El doctor De Franco debe perdonarme que use este prestigiado diario para hacerle mi llamada de atención; una fraterna y sincera llamada. No tengo otro medio ya que he tratado de hablar con él por variadas formas, sin resultados positivos. Hasta con su hermano quise hablar, pero… imposible. Con aprecio y respeto, pero profundamente preocupado le prevengo: Si aumenta ese año de estudios, va a meter las de andar… y va a perjudicar a muchas personas con una medida onerosa y antipopular.
En otros lares, al contrario, se están buscando nuevas y modernas metodologías para hacer ahorro de tiempo y recursos. Por ejemplo, yo estoy trabajando en formas no escolarizadas para hacer ingresar al sistema educativo a los miles de adultos que, en El Salvador, necesitan elevar su nivel de escolaridad. Y no enviándolos a estudiar cinco años, o seis… En promedio, tres meses por año de estudios. ¿Qué dirán los asesores del Ministro? En otros lados se trabaja con esos grupos con módulos de educación empresarial, en fin… Y nosotros, aquí, pensando en usar más tiempo para lograr lo mismo. La tecnología moderna puede y debe darnos formas nuevas de educación, no necesariamente la escolarizada para que los nicaragüenses aprobemos la primaria y la secundaria en menos tiempo. Sólo en el campo tenemos a casi 800,000 personas con una escolaridad de un tercer grado. Alrededor de usted y cerca de usted se piensa mucho en la educación escolarizada, incluso, sólo se piensa en educación escolarizada. ¿Dónde están las brillantes ideas de la Unesco, que desde 1978 no ha vuelto a generar ideas verdaderamente nuevas?
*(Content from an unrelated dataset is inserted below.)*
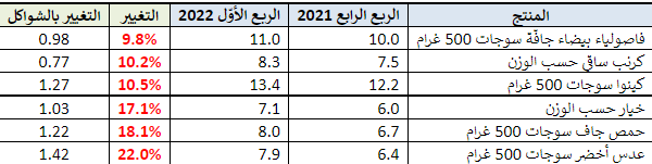 - منتجات مختارة طرأ عليها ارتفاع في السعر مقارنةً بالربع الرابع من عام 2021:
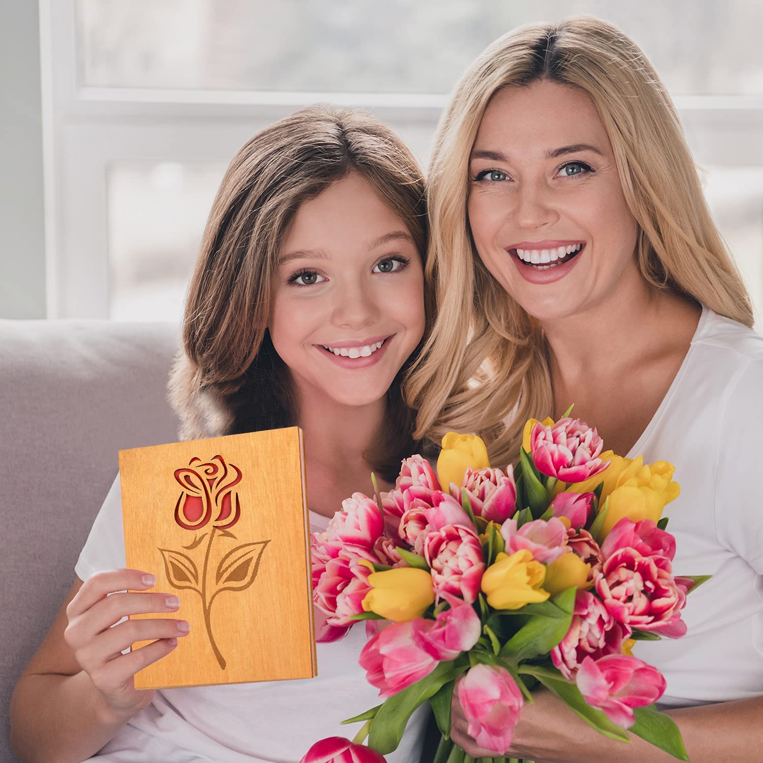 3D Grußkarte aus Holz mit Umschlag Rose - Glückwunschkarte Geschenkkarte

Aquí mismo en Nicaragua hay organismos privados que han tenido experiencias valiosas y han superado ese desfase entre nuestros niveles educativos sin tener que aumentar los años de estudios. Al contrario, los han disminuido. Hay cientos de ideas y de realidades que indican otras opciones. La peor es aumentar los años de estudios. Como diría el presidente Bolaños: este juego pudiera ser “bola pasada”. Este espacio periodístico es relativamente limitado para hacer otra cosa que prevenirlo.
El autor es pedagogo, profesor de desarrollo rural.